見た事もない程発展した世界の中、小さなドーム場の家の中にいた。

 

えっと…確か俺はリライヴの手を掴んで一緒に光になって…

 

「あら、速人君いらっしゃい。いつも娘が世話になってるわね。」

「へっ?あ、はい…」

 

と、いきなり知らないお姉さんに話しかけられ訳も分からず身構えて…

 

「悪夢がでしゃばるな!!!」

 

怒声が聞こえて来た瞬間お姉さんの上半身が消し飛んだ。

かなり生々しいスプラッターだなオイ…

 

今の声は…リライヴ?

 

「お、おいおい!いくらなんでもこれはいきなり過ぎないか?ここがお前の記憶とかだったらどうすんだよ?破壊はまずいだろ。」

「それはない、私にはあんな奴の笑顔なんか記憶にない。」

 

吐き捨てるように言うリライヴ。うっわぁこりゃ相当怒ってるなぁ…

 

「それにしたって落ち着けって。なんか見て欲しくない物があるなら見ないから。」

「…君なら…別にいい。」

 

少し寂しそうに言うとリライヴは腰を下ろす。

何かあるとは思ってたが…夢とは言え出会い頭に母親ぶっ飛ばす程とは…

 

「取りあえずどうする?」

 

疲れたように手を上げるリライヴ。

どうする…か、普通ならとっとと脱出方法考える所だが…

 

「今取り込まれてんだよな?だったらはやてを探したい。」

「はやてを?何でまた。」

 

そう言えばリライヴは管制人格とかに付いて知らないんだっけ?いや、シグナム達から聞いてるかも…

 

 

 

 

 

 

 

 

 

「まったく…全部話せって言うのに…」

 

話して見れば早いって事で手っ取り早く聞いてみたが、全く知らなかった。

シグナム達じゃしょうがないか、あくまでも主が一番で脅されてただけみたいなもんだしな。

 

「そうなると早くイノセントを見つけないと。さすがに技師は本職じゃないからはやての意識にアクセスするならデバイスがいる。」

「アレ?デバイスなくしたのか?」

『私はいますが?』

 

俺は起動中のナギハを見せる。合わせて声を掛けてくれるナギハ。

リライヴは数瞬硬直した後、少し困ったように辺りを見回した。

 

「…あの女が成長してる私を娘と呼んだ以上、この世界に来た『登場人物』はこの世界には居ないはず。」

「つまりこの世界のどっかにイノセントがある訳だな。」

 

なら話が早い。そう思った俺に対してリライヴは苦笑しながら立ち上がり、扉らしき場所へ向かう。

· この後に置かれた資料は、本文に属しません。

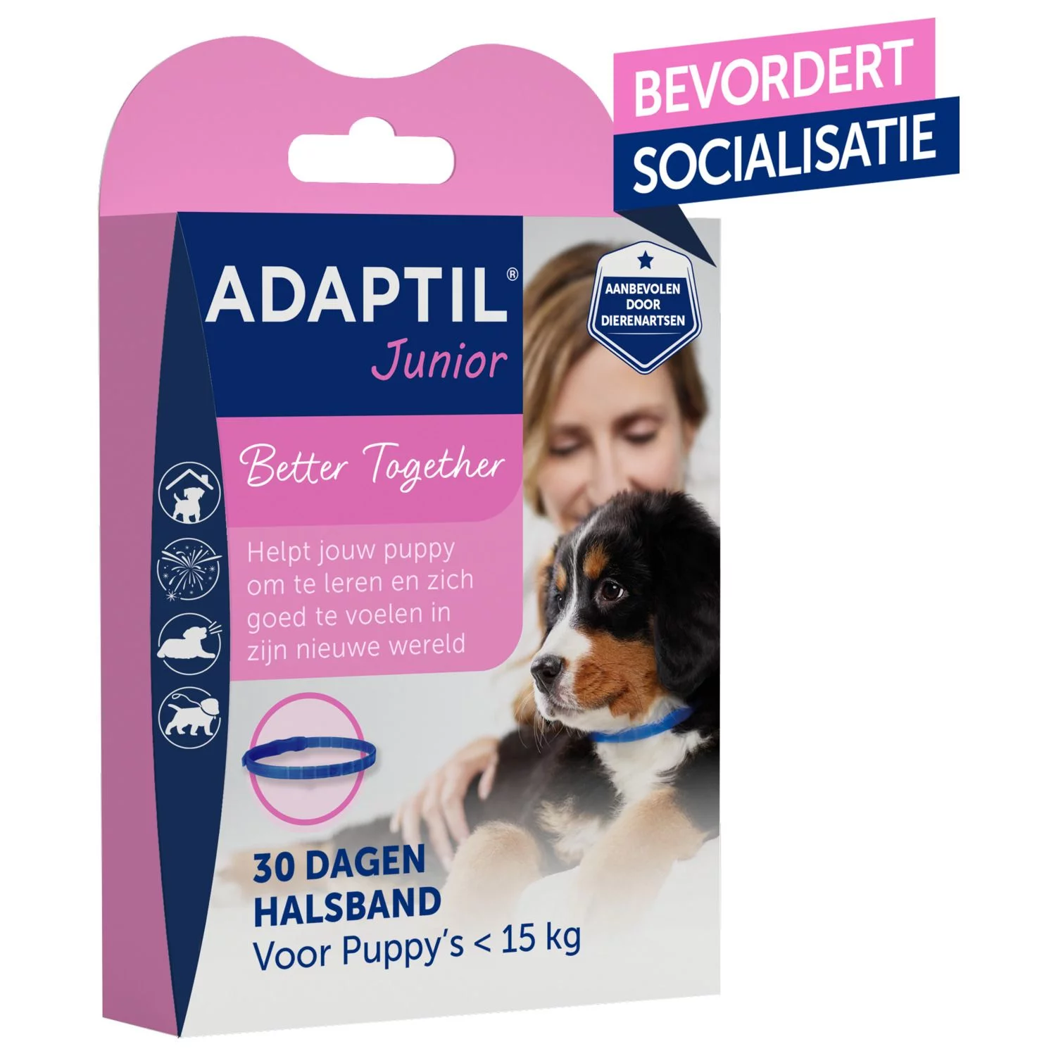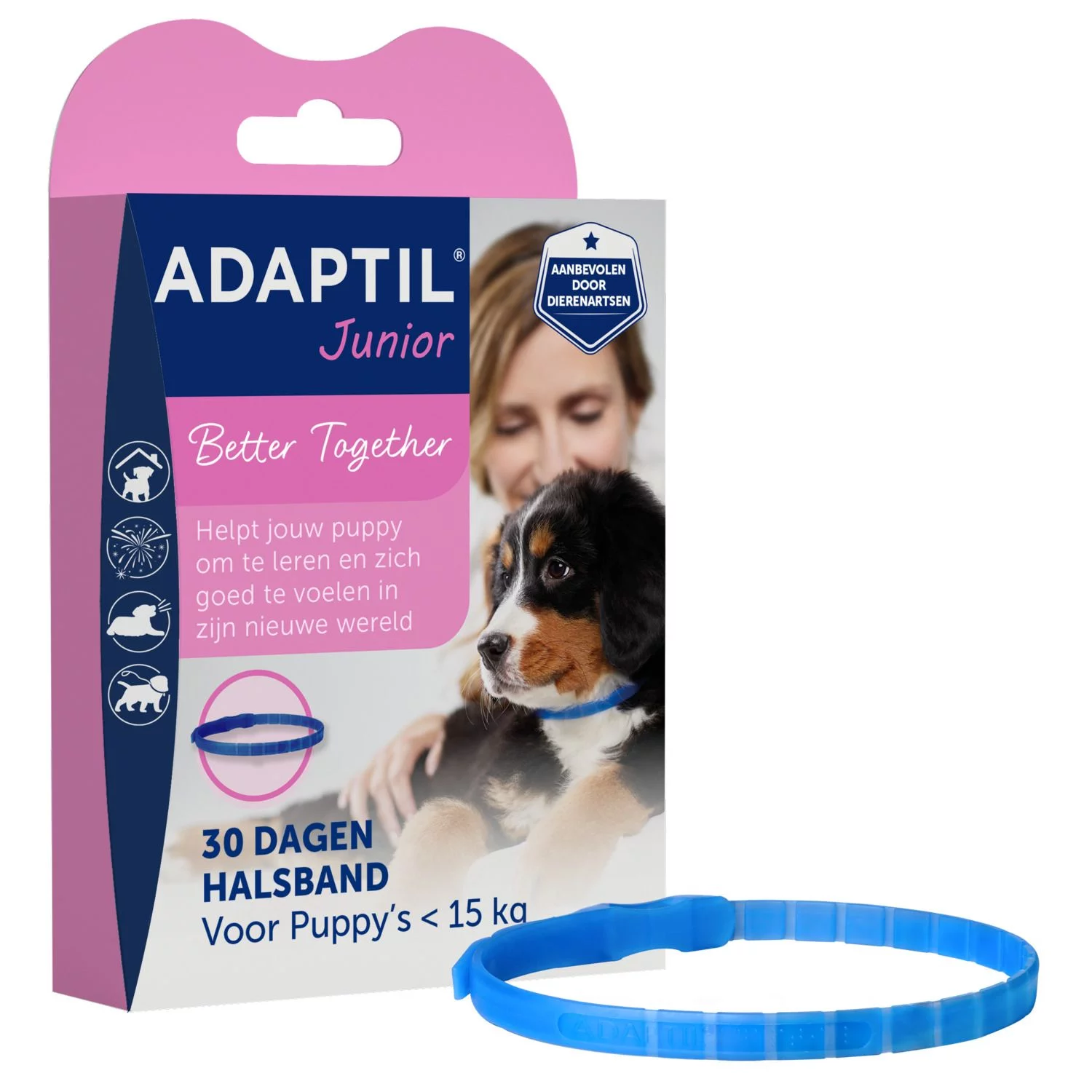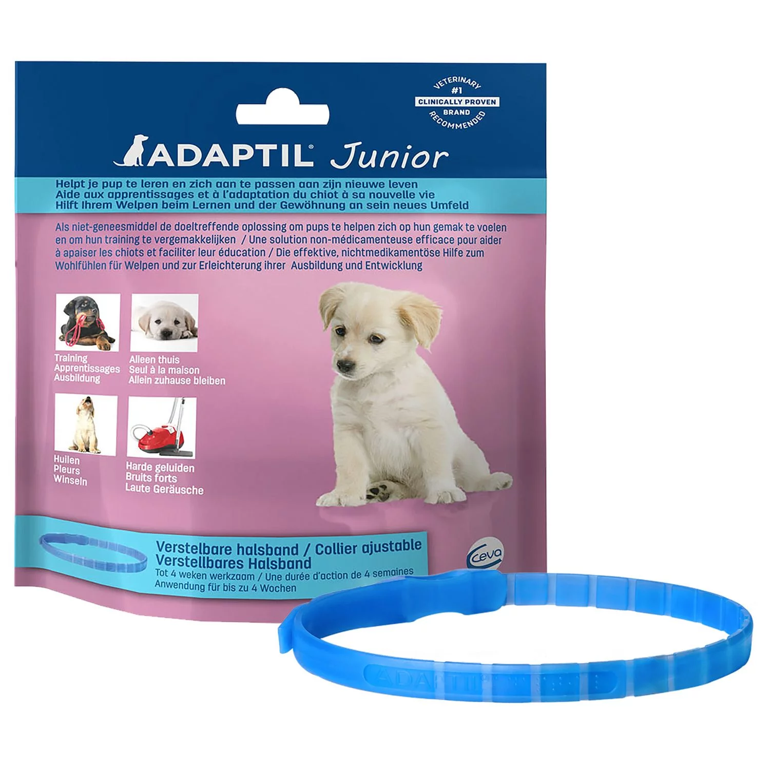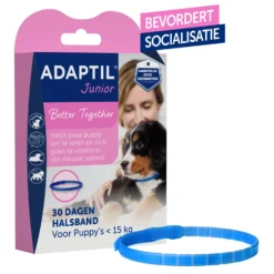 de ADAPTIL Junior halsband verspreidt “geruststellende boodschappen” om je pup te helpen zich op zijn gemak te voelen wanneer hij de wereld ontdekt, de regels leert die bij zijn nieuwe leven horen en om hem te helpen zich even goed te voelen in het gezin als bij zijn moeder. ADAPTIL Junior helpt je pup om zich meer op zijn gemak te voelen en meer zelfvertrouwen te krijgen tijdens de adoptieperiode en het helpt om zijn opvoeding / training makkelijker te laten verlopen. ADAPTIL Junior wordt aanbevolen vanaf de adoptie tot de leeftijd van 6 maanden. De verstelbare band dient permanent om de hals van de pup te zitten. Gebruik elke maand een nieuwe halsband.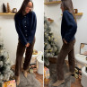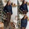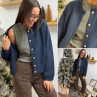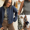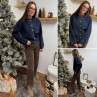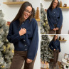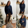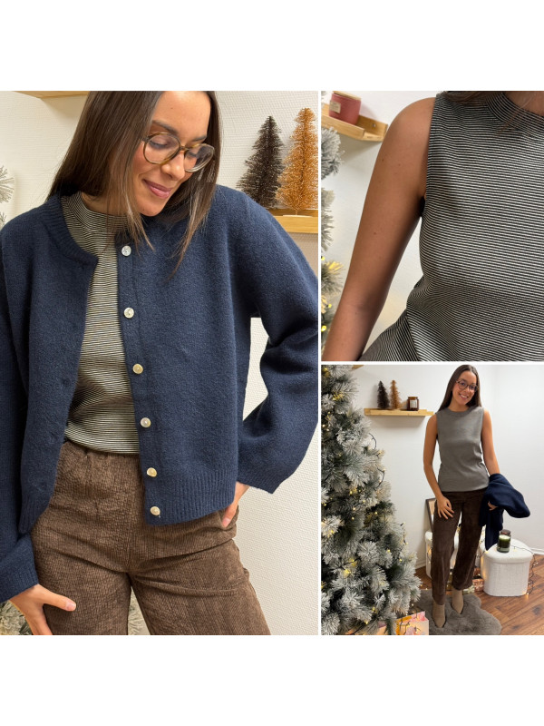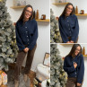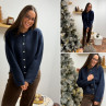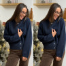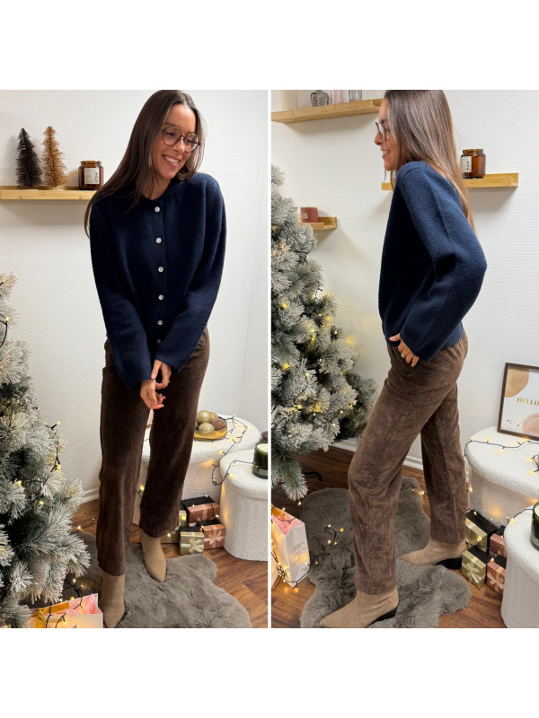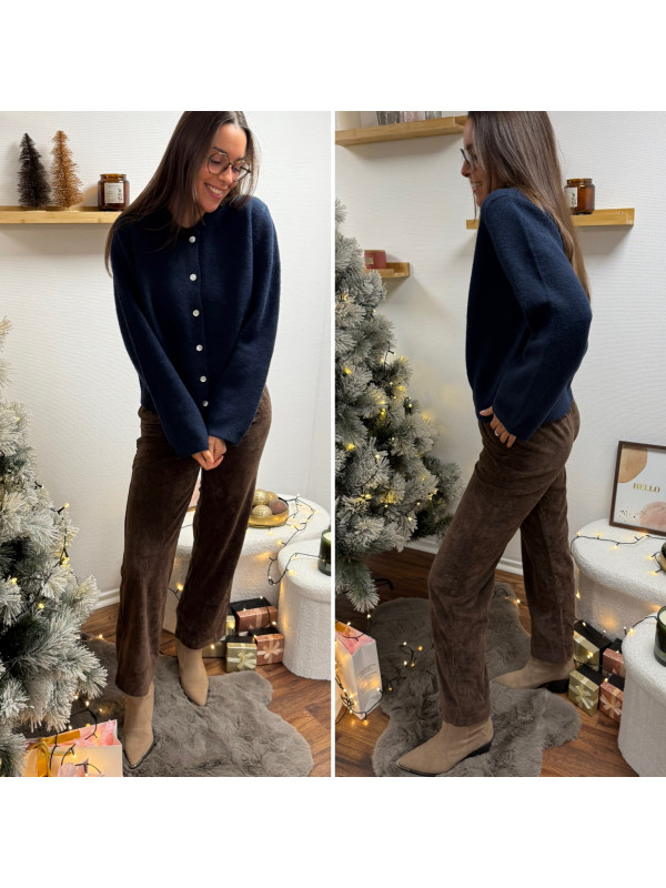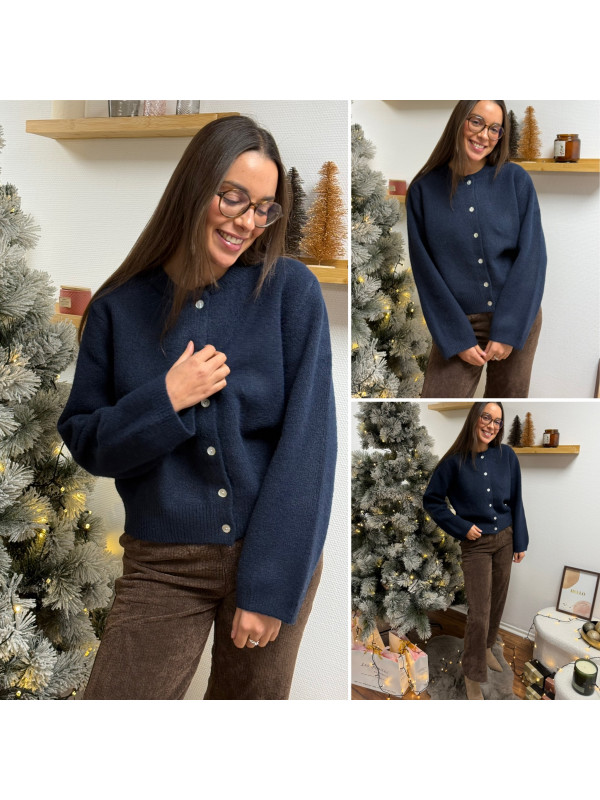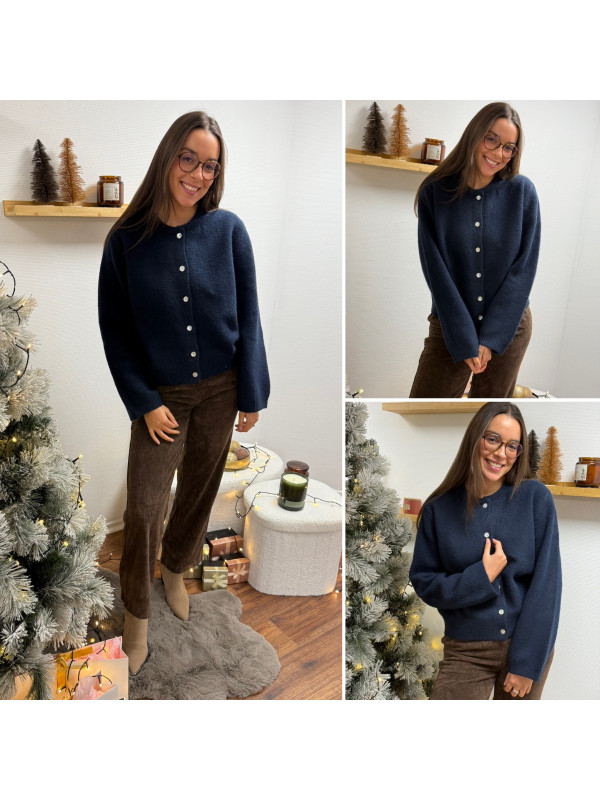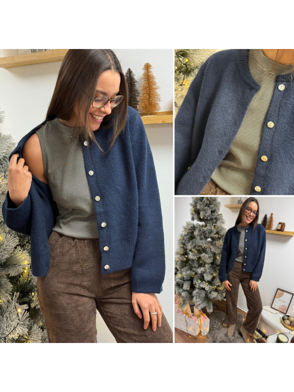 Gilet épais bleu marine avec boutons nacrés et manches évasées

扉脇にあるボタンを押したリライヴ。すると、扉が消失するように開く。

リライヴは静かに外を指す。

 

軽く嫌な予感を感じつつ顔を出して見ると…

 

空中に張り巡らされた幾つもの半透明なホールの中を車が飛び交って居た。

見上げれば城のような物が浮いて居て、見下ろせば遥か遠くに地面が見える。

 

 

 

 

SFもビックリな超科学世界だなおい。

 

この中から…デバイス一個を探す?

 

「リライヴ…もうちょっと何とかならなかったのか?」

「私に言わないでよ…」

 

道理で何か滅入ってるとは思ったんだが…

これは面倒だなぁ。

 

 

 

 

Side~高町なのは

 

 

 

 

「あ…くうっ…」

 

地上に向かって吹き飛ばされた私の回りから蔓のようなものが幾つも伸びて来て、私の全身に絡み付いた。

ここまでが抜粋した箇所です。